Однажды отец взял его с собой в леса Вестландии, в те места, где он вырос. Искатель давно мечтал показать сыну красоты местных искрящихся на солнце водопадов в высоких горах и гигантских приют-сосен, качающих зелёными ветками-лапищами.

Там Джонатану было спокойно. Зарывшись пальцами в мягкую сочную траву, ощущая тепло нагретой на солнце земли кончиками пальцев, юный Джонатан наблюдал, как в глазах родителя, серых, таких же, как и у него, играют солнечные лучи.
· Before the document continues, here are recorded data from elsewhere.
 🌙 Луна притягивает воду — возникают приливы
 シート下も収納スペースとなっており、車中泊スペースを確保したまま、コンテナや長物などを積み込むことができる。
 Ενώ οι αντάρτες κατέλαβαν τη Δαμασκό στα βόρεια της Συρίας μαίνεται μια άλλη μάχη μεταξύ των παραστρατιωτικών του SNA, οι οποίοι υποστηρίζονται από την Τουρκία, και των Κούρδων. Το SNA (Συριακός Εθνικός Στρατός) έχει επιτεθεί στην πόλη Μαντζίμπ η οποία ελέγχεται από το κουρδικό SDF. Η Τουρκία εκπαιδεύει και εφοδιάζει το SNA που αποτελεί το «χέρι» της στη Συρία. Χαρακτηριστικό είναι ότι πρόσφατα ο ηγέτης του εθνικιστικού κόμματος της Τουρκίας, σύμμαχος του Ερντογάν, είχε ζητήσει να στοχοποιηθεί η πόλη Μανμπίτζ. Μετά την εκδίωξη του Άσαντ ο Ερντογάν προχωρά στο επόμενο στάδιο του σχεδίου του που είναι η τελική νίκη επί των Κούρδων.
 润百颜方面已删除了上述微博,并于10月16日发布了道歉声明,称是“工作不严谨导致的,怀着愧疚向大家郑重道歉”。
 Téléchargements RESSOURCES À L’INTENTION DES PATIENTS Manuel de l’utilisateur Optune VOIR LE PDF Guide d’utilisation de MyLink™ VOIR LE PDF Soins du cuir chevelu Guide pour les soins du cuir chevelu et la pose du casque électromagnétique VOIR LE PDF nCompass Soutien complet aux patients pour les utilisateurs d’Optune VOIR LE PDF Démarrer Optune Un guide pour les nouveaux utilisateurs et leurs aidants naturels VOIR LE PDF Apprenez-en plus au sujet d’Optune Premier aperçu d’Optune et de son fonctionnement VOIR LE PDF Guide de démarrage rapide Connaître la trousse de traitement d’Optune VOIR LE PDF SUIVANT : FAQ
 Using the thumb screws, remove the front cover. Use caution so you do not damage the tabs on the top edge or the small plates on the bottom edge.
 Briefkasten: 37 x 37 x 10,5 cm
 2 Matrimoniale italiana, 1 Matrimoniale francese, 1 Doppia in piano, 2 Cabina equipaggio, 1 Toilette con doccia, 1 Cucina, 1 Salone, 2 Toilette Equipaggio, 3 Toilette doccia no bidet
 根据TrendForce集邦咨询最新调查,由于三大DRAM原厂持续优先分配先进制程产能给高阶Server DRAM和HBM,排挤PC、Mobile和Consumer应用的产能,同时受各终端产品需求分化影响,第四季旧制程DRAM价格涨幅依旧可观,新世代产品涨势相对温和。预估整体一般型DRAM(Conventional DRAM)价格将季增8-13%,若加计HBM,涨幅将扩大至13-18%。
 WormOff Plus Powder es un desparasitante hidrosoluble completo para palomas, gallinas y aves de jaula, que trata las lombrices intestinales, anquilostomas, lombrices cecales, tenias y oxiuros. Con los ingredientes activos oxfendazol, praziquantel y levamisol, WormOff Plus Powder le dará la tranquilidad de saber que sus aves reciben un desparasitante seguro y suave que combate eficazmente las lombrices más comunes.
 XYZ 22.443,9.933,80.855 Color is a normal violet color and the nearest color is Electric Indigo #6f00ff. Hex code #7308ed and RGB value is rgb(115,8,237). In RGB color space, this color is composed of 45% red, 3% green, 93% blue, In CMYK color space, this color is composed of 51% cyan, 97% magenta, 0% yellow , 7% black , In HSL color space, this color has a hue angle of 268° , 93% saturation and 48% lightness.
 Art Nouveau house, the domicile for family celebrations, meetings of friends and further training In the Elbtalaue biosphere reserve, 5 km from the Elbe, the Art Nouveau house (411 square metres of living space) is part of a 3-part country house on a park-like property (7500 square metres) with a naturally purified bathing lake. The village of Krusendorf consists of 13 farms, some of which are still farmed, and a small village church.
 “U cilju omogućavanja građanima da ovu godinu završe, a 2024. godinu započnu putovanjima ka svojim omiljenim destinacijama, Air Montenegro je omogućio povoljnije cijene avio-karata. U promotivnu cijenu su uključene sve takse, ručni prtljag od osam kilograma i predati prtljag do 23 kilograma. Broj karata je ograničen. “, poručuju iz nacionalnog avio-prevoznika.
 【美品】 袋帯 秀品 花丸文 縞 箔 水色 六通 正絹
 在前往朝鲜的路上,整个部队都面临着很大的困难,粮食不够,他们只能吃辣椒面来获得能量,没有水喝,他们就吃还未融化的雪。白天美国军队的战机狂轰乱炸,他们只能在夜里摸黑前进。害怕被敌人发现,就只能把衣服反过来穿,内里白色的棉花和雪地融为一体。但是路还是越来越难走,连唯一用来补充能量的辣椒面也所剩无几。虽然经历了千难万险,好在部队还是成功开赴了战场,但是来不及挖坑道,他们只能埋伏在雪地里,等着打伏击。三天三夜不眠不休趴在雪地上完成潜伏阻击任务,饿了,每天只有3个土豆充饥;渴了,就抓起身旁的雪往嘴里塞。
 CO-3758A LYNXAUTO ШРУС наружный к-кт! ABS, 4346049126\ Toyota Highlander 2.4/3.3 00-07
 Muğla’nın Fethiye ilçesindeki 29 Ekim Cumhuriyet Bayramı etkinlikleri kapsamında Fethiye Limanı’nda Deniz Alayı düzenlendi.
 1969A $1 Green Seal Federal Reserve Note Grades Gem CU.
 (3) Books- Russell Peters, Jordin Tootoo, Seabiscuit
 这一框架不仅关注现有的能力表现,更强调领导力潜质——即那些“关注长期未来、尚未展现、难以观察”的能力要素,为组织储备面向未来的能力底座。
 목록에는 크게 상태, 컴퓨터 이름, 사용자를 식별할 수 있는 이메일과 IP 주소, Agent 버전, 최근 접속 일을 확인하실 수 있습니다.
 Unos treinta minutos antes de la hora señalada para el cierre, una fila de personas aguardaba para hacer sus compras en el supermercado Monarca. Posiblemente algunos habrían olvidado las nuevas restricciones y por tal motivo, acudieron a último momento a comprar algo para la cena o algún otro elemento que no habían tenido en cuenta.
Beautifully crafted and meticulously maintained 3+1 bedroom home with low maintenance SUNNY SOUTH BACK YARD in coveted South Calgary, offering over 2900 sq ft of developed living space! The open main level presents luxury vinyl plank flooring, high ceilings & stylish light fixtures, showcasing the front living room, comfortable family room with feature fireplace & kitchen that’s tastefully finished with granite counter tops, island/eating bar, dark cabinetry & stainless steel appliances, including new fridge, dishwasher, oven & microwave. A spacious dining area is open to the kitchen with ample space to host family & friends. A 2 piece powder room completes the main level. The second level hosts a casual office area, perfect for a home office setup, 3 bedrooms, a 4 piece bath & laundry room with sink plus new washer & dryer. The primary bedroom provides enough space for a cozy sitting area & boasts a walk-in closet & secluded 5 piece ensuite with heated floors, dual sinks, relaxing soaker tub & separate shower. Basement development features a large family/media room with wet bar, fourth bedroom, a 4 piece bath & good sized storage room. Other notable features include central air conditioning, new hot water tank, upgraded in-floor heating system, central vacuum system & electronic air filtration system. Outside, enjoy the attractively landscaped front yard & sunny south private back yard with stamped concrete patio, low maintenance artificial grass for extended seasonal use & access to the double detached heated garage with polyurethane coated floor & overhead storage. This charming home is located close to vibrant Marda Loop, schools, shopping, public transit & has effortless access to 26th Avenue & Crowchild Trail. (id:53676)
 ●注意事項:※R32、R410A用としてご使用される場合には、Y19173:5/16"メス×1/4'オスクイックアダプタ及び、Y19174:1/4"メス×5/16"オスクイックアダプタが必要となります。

В этих глазах горел огонь самой жизни, настолько яркий, что казалось, будто это не они сверкают в лучах полуденного светила, а светило сияет ярче, питаемое пламенем, бушующим в глазах Искателя.

Ни у одного человека Джонатан больше не встречал этого взгляда. Ричард Рал восхищался каждым мгновением жизни, восхвалял человеческую способность мыслить и творить и видел величайшую магию в простой способности к рождению ребёнка.

Родители научили Джонатана видеть, слышать, чувствовать этот удивительный мир, в котором человеку было дано творить, любить и испытывать счастье. Это был мир, в котором Искатель научил сына сражаться, чтобы защитить то, что он любит, мир, в котором мать научила Джонатана управлять, чтобы защищать то, что любят другие. Это было место, где Мать-Исповедница пела своим детям колыбельные и учила говорить на языках множества народов и существ, живущих в огромной Империи, а Искатель учил их строить дом, улыбаясь каждому новому успеху детей и искренне благодаря их за помощь. 

Это было место, время, когда Джонатан был счастлив.

Сидя на пустой измятой постели, омытый издевательски яркими тёплыми лучами, Император, вцепившись в волосы, взвыл. Тоска, это ужасное чувство, разъедала душу. Он тосковал по ярким краскам, по поражающим воображение звукам, он тосковал по покою и радости. Джонатан жаждал вновь испытать всё то, что могла испытывать она и чего был лишён он, проигравший боли и жажде мести и заплативший за поражение целым миром.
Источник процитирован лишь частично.